Where a picture appears in the data below, exclude it; restate everything else word for word.

# Data section
-- Opening Marker --

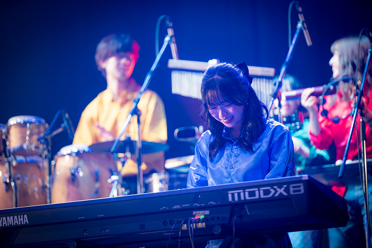 「POP WAVE LIVE 2025」では7組のバンドでキーボードやピアノを担当しました。どのバンドも演奏曲のジャンルがバラバラでしたが、練習時から「明日はこの曲に専念して、次の日はこれ」と自分でスケジュールをしっかり立てて、ひたすら練習しました。その上で本番では「ここで高音域のフレーズを弾いたらもっと格好良くなるかな」とアドリブっぽいことを入れたりもしました。担当した7組のバンドの中でもウィリウォンカ倶楽部では、超絶技巧ピアニストであるミシェル・カミロさんの曲「Tropical jam」のカバーに挑戦しました。タッチが軽いエレクトーンでは高校時代から弾くことができていたのですが、生ピアノとなるとすごく難しくて。ただ、あえてテンポをちょっとずらしてグルーブ感を作るなど、練習を重ねる中で自分なりの表現を見つけていきました。そんな私が影響を受けた奏者が、T-SQUAREの元キーボーディスト・和泉宏隆さん。和泉さんの、自分の感情を聞いている人にしっかり伝えるような演奏をリスペクトしています。私は音楽の楽しさを熱く語れる自信があるので、子どもから大人の方まで「音楽ってこんなにおもしろいものなんだ」と教えられるような道をめざしたいです。
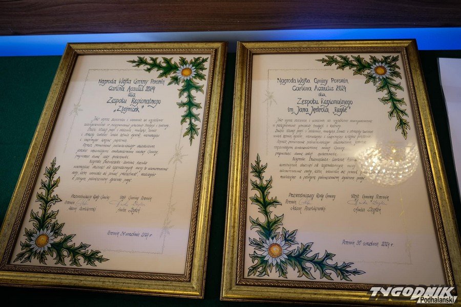 Doroczna nagroda Wójta Gminy Poronin Carlina Acaulis trafiła do dwóch zespołów regionalnych - "Regle" z Poronina i "Zbójnicka" ze Zębu.
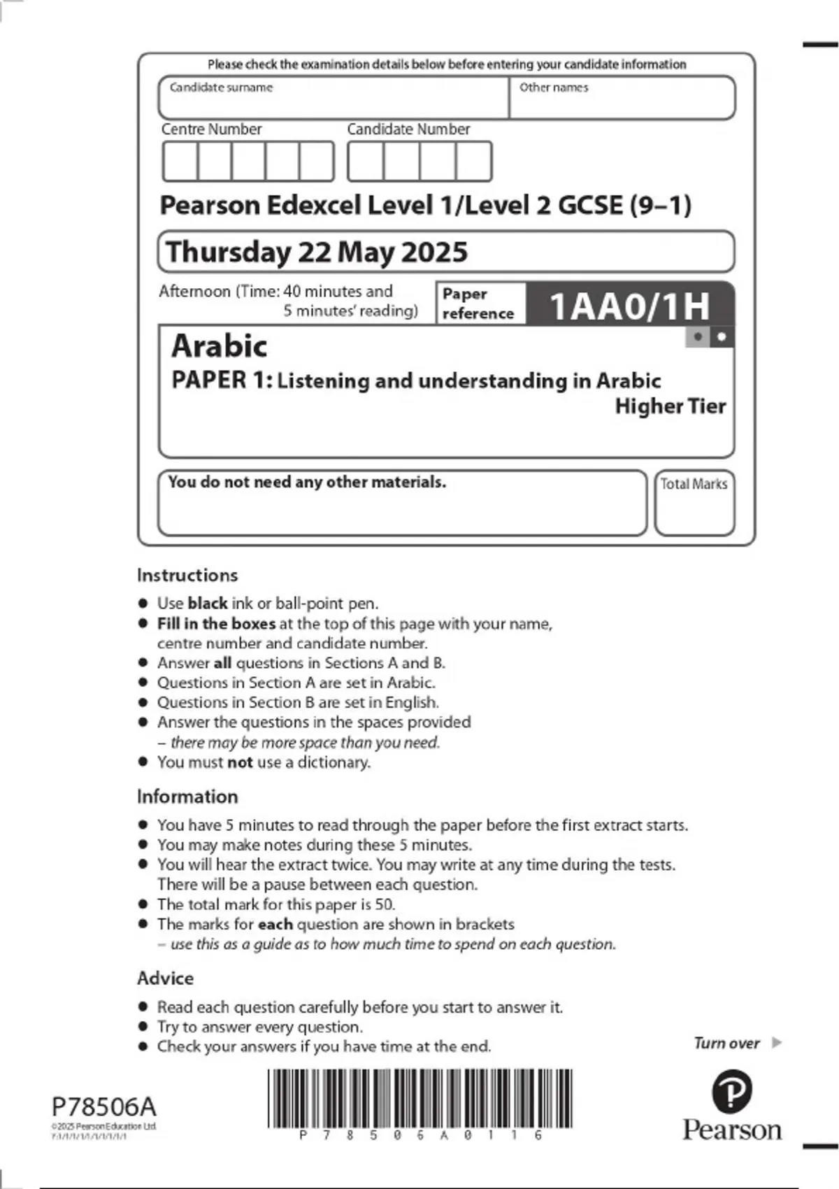 2025 Pearson Edexcel Level 1/Level 2 GCSE. Arabic PAPER 1:1AA0/1H Listening and understanding in Arabic 2025 Pearson Edexcel Level 1/Level 2 GCSE Arabic PAPER 1: 1AA0/1H Listening and understanding in Arabic Higher Tier
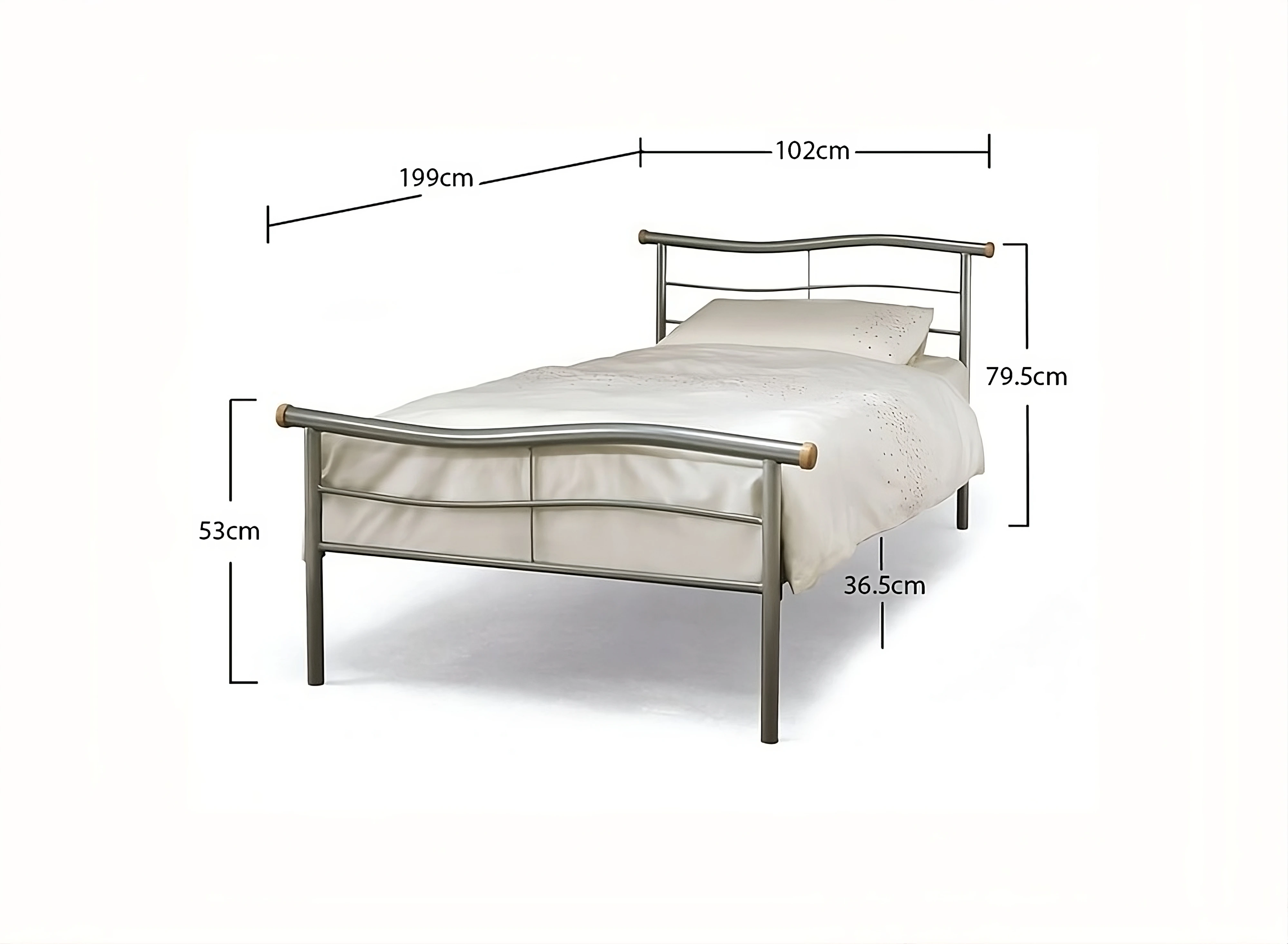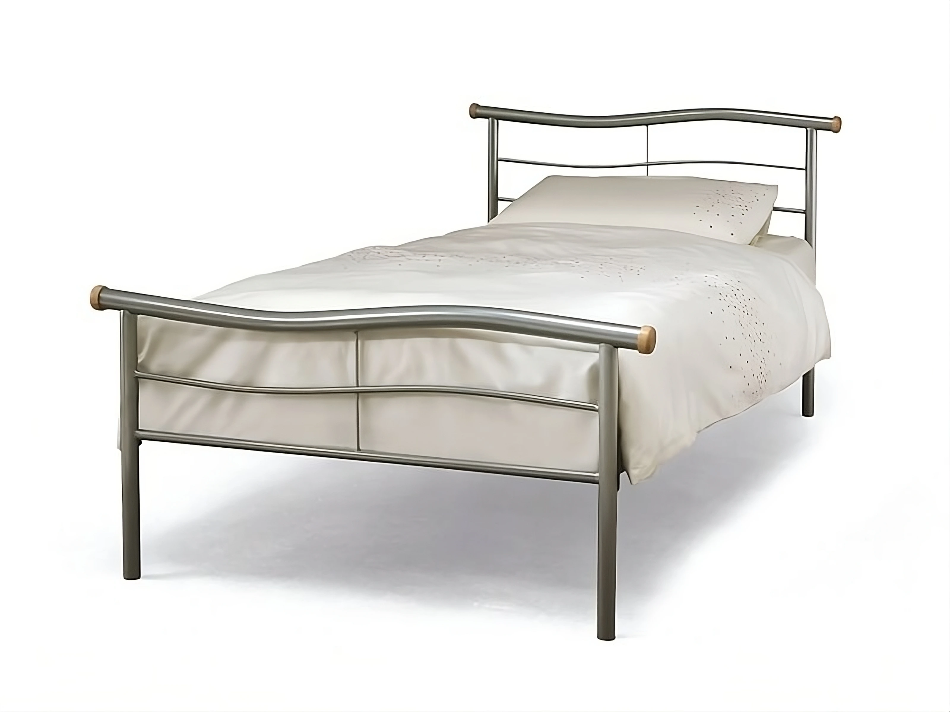 Metal bed frame which has a waved headboard and footboard with stylish wooden end caps. Sprung slatted base.

-- Closing Marker --

# Answer to the problem
 「POP WAVE LIVE 2025」では7組のバンドでキーボードやピアノを担当しました。どのバンドも演奏曲のジャンルがバラバラでしたが、練習時から「明日はこの曲に専念して、次の日はこれ」と自分でスケジュールをしっかり立てて、ひたすら練習しました。その上で本番では「ここで高音域のフレーズを弾いたらもっと格好良くなるかな」とアドリブっぽいことを入れたりもしました。担当した7組のバンドの中でもウィリウォンカ倶楽部では、超絶技巧ピアニストであるミシェル・カミロさんの曲「Tropical jam」のカバーに挑戦しました。タッチが軽いエレクトーンでは高校時代から弾くことができていたのですが、生ピアノとなるとすごく難しくて。ただ、あえてテンポをちょっとずらしてグルーブ感を作るなど、練習を重ねる中で自分なりの表現を見つけていきました。そんな私が影響を受けた奏者が、T-SQUAREの元キーボーディスト・和泉宏隆さん。和泉さんの、自分の感情を聞いている人にしっかり伝えるような演奏をリスペクトしています。私は音楽の楽しさを熱く語れる自信があるので、子どもから大人の方まで「音楽ってこんなにおもしろいものなんだ」と教えられるような道をめざしたいです。
 Doroczna nagroda Wójta Gminy Poronin Carlina Acaulis trafiła do dwóch zespołów regionalnych - "Regle" z Poronina i "Zbójnicka" ze Zębu.
 2025 Pearson Edexcel Level 1/Level 2 GCSE. Arabic PAPER 1:1AA0/1H Listening and understanding in Arabic 2025 Pearson Edexcel Level 1/Level 2 GCSE Arabic PAPER 1: 1AA0/1H Listening and understanding in Arabic Higher Tier
 Metal bed frame which has a waved headboard and footboard with stylish wooden end caps. Sprung slatted base.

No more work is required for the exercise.